The only way Tina Fey's show will be better than Studio 60 is the correct use of Alec Baldwin.


I want so much to love this show but I just don't care about any of the leads. Poor Tim Busfield is the only guy on the set with a heart and a smile that isn't chiseled into a grimmace or a snarl. He must feel like he's Michael Landon plopped into the middle of a Jerry Springer show.


I still can't separate Brad Whit from his star turn in Billy Madison. He needs a little more of that comic timing in this role, less of the harried wonk. Though it's not like it matters because this show will fail only because it takes comedy too seriously. There is nothing less interesting than listening to comics discuss their craft. There's a reason there's no Inside the Comics Studio. B to the oring. Also, if you look at the actual writing staff on the show there's not a single writer with any comedy background. It's all Sorkinites.

Cap'n Bob Napier

Maybe I'm too old to be the intended target for this show, but I recall a Studio One live drama series and everyone knows 60 Minutes. Studio 60 sounds like a blend of the two. Not a catchy title.


Yes, the butter line was good, BUT the woman asking this question is supposed to be a COMEDY GENIUS -- she should know the answer to this question. Anyone who is familiar with comedy or a student of the history of SNL can see that this show is riddled with cracks. Sorkin is talented, but he is out of his element.


Ken, with ya on the Steven Weber- isn't it weird the funniest scenes about the backstage of a Late Night comedy show involve the purportedly humorless Network "suits"?


Brian...SportsNight was not a sitcom. It was a dramedy. It's only crime was that the great American public doesn't really go for that format. Any number of other similar carcasses on the television highway. Brooklyn Bridge, maybe even Picket Fences come to mind.(Hell, even Northern Exposure wasn't that wildly popular)Corrie said "I'm quite sure that real doctors, lawyers and cops find most of the shows about their profession absurdly inaccurate. It doesn't make them bad shows or not entertaining." I agree, but...WKRP was not a sitcom...it was a documentary!!!!

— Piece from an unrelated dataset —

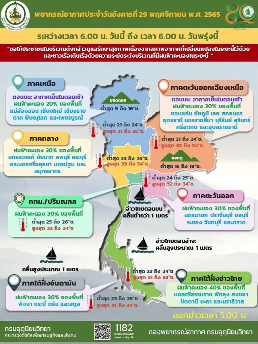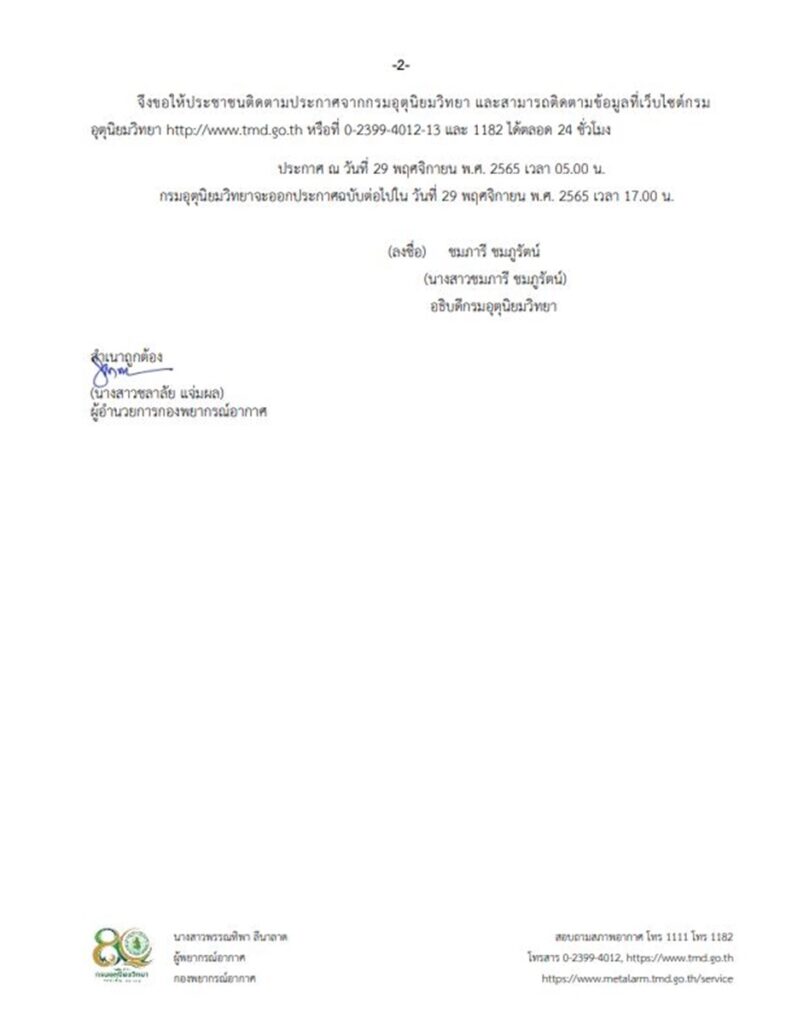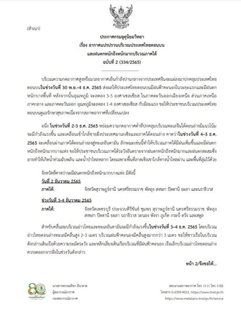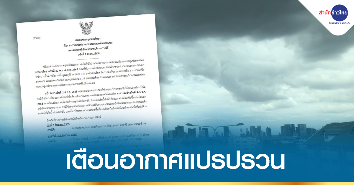 กรมอุตุนิยมวิทยา ออกประกาศ เรื่อง อากาศแปรปรวนบริเวณประเทศไทยตอนบน และฝนตกหนักถึงหนักมากบริเวณภาคใต้ ฉบับที่ 2 ระบุว่า บริเวณความกดอากาศสูงหรือมวลอากาศเย็นกำลังปานกลางจากประเทศจีนจะแผ่ลงมาปกคลุมประเทศไทยตอนบน ในช่วงวันที่ 30 พ.ย.-4 ธ.ค.65 ส่งผลให้ประเทศไทยตอนบนมีฝนฟ้าคะนองในระยะแรก และมีฝนตกหนักบางพื้นที่ หลังจากนั้นอุณหภูมิจะลดลง 3-5 องศาเซลเซียส ในภาคตะวันออกเฉียงเหนือ ส่วนภาคเหนือ ภาคกลาง และภาคตะวันออก อุณหภูมิจะลดลง 1-4 องศาเซลเซียส กับมีลมแรง ขอให้ประชาชนบริเวณประเทศไทยตอนบนดูแลรักษาสุขภาพ เนื่องจากสภาพอากาศที่เปลี่ยนแปลง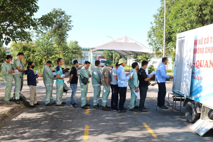 Với quy mô hơn 5.000 lao động, công tác tổ chức được sắp xếp hợp lý theo từng nhà máy, ca làm việc nhằm không ảnh hưởng đến hoạt động sản xuất. Tại khu vực khám, các phòng ban phối hợp chặt chẽ để hướng dẫn, phân luồng, đảm bảo trật tự và thuận tiện cho người lao động.

Looks like our Ken Levine has a problem with the level of aaron sorkin's writing :)

Michael Zand

As far as originality goes, I’d love to see this premise incorporated into “Deal Or No Deal.”http://www.glumbert.com/media/tonguetwister ps. I meant to post this on the latest entry, so sorry about the repeat in the later post.

Media Yenta

The Tina Fey showis may or not be more realistic, but it's funny. Tracy Morgan and Alec Baldwin are great on the show. If you treat it more like a funny sitcom and not a docu-drama you won't drive yourself crazy. Studio 6o- i didn't know comedy shows had so many hallways.

Michael Zand

As far as originality goes, I’d love to see this premise incorporated into “Deal Or No Deal.”http://www.glumbert.com/media/tonguetwister ps. I meant to post this on the latest entry, so sorry about the repeat in the later post.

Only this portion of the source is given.